I may not fully understand what you are trying to achieve, so bear with me. What I read (and I may be wrong) is that you want WebVTT to map to WebVTT objects ("WebVTT Node objects, see http://dev.w3.org/html5/webvtt/#webvtt-cue-text-parsing-rules), and TTML to map to TTML objects, then these objects to map to some abstract object model before mapping that abstract object model to HTML objects for rendering?

If that is the case, then I don't think browser that only want to support one format will want to implement the abstract object model mapping.

It does sound like an interesting theoretical exercise and would help us in conversions between the two formats, and could also help if browsers decided to implement support for even more formats (e.g. SCC for CE608). But I would keep this exercise separated from the WebVTT, the TTML, and the HTML spec and not require implementation. It's mostly interesting for conversions.

BTW: have you thought about that you could just define one of the two to be the abstract object model and map the other one and any other format to it?
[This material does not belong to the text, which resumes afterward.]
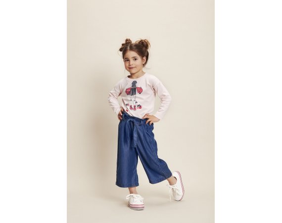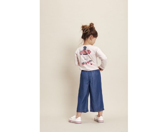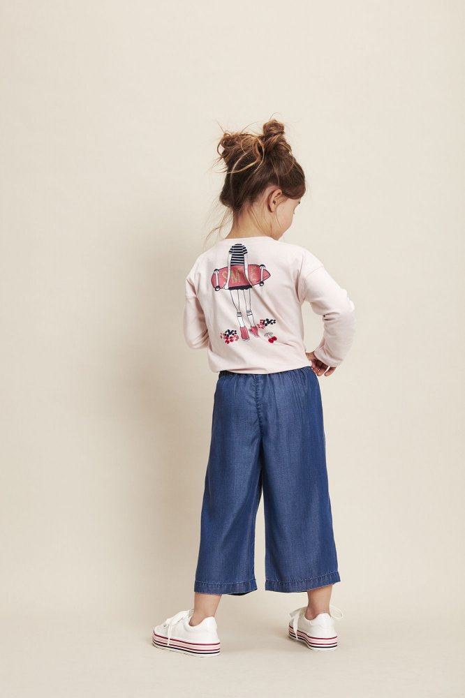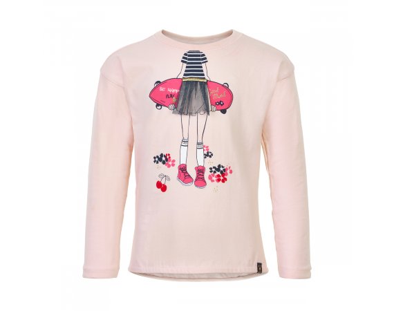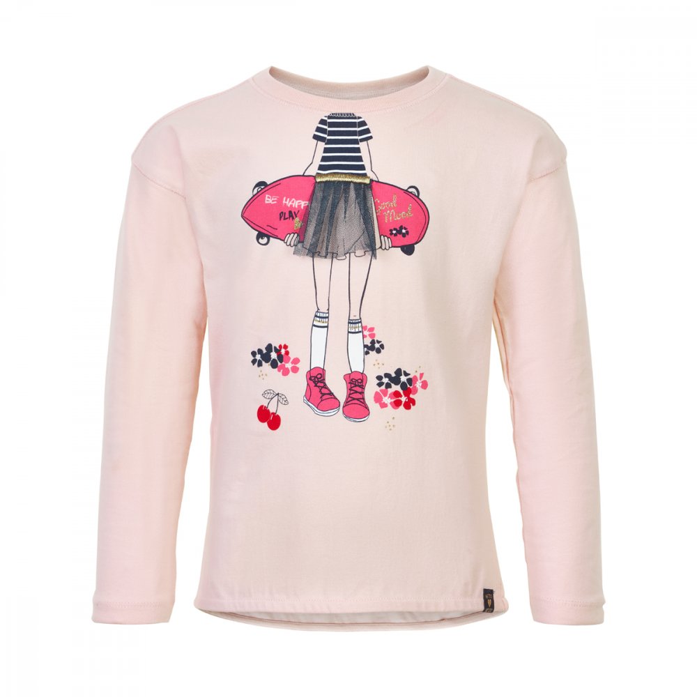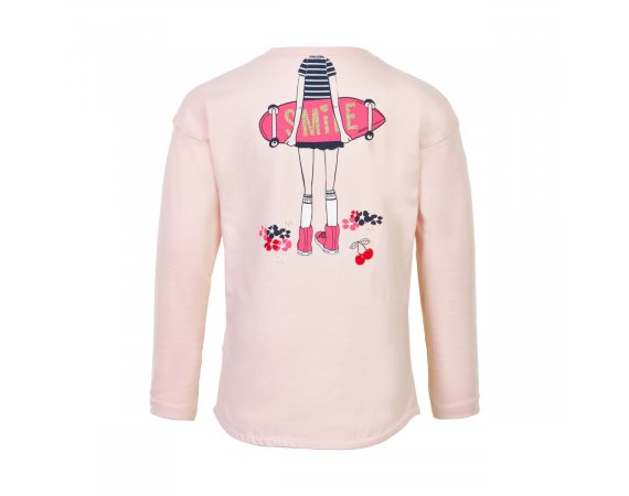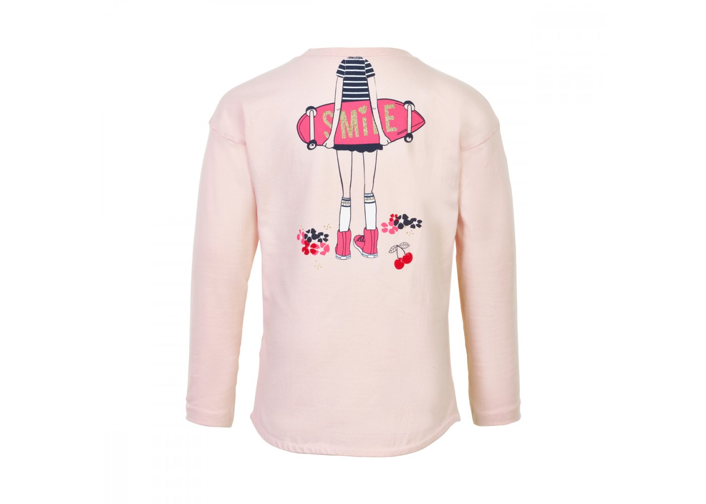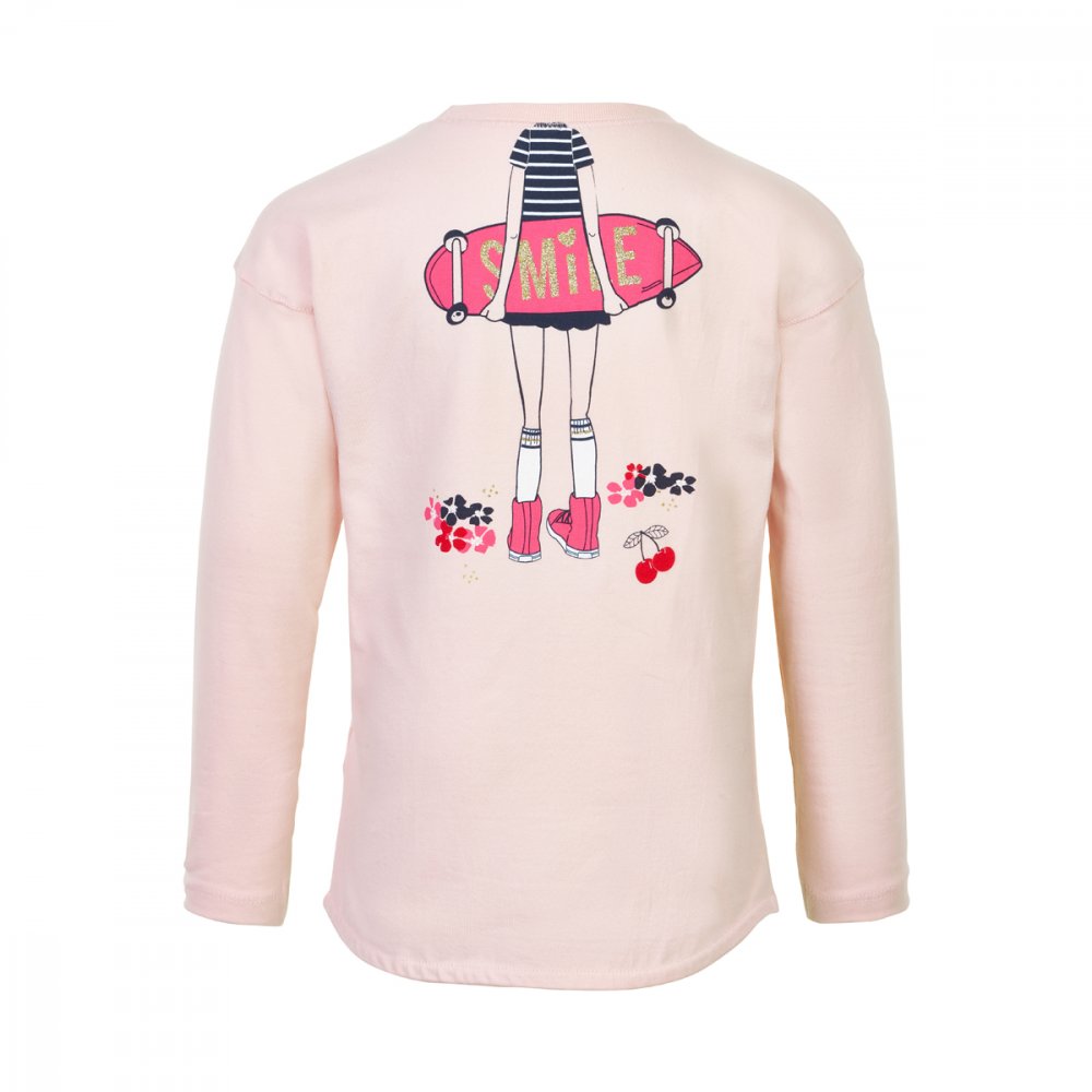 Sød langærmet og lyserød t-shirt med fotoprint af en skaterpige på front og bagpå
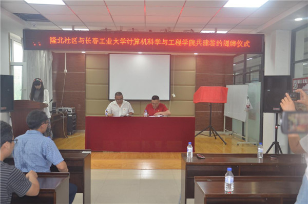 与长春市北湖街道隆北社区关于建立大学生社会实践基地协议书》,党委副书记季宏伟与房希明共同为社会实践基地揭牌。

> There is code available to do the TTML -> infoset translation for the 
> intermediate document (the algorithm is documented in 
> http://www.w3.org/wiki/TTML/changeProposal005), and I presume the same 
> is true for WebVTT

All browsers that implemented more than the basic text support for WebVTT implemented creation of WebVTT Node objects as specified in the WebVTT spec, see http://dev.w3.org/html5/webvtt/#webvtt-cue-text-parsing-rules . Those node objects are being mapped to HTML DOM nodes in http://dev.w3.org/html5/webvtt/#webvtt-cue-text-dom-construction-rules
.


> It is relatively easy to write code to serialise out a WebVTT file from the intermediate TTML infoset (possibly with a side car CSS file); and while the file might not be optimal, it would at least give the same rendering. And, I expect likewise it would be relatively simple to write a TTML file from the WebVTT object set.

Good - that's the conversion that we should describe somewhere as an informative note. I'd hesitate to make it a spec, because as soon as the WebVTT or TTML specs change, these conversions will change, too, so a note seems more appropriate.


> But I don't think that pushing the burden of conversion on to the authors is the best way forward here.

I'd leave it to the market to create lossless conversion tools and support them. I wouldn't expect authors to do this by hand.


> I hope that once other UA implementers see as we have the amount of commonality here, and that one can reuse much of the same implementation for both TTML and VTT, and further that it is in fact actually simpler to do the TTML rendering as it requires no change to the CSS model; they may indeed feel it less of a burden to add TTML support.


Do absolutely try to make it easier for UAs to implement several formats. But don't expect them to implement an abstract object model when they don't want to support more than one format. You should simply be open to both options and the spec should not be restrictive in this way.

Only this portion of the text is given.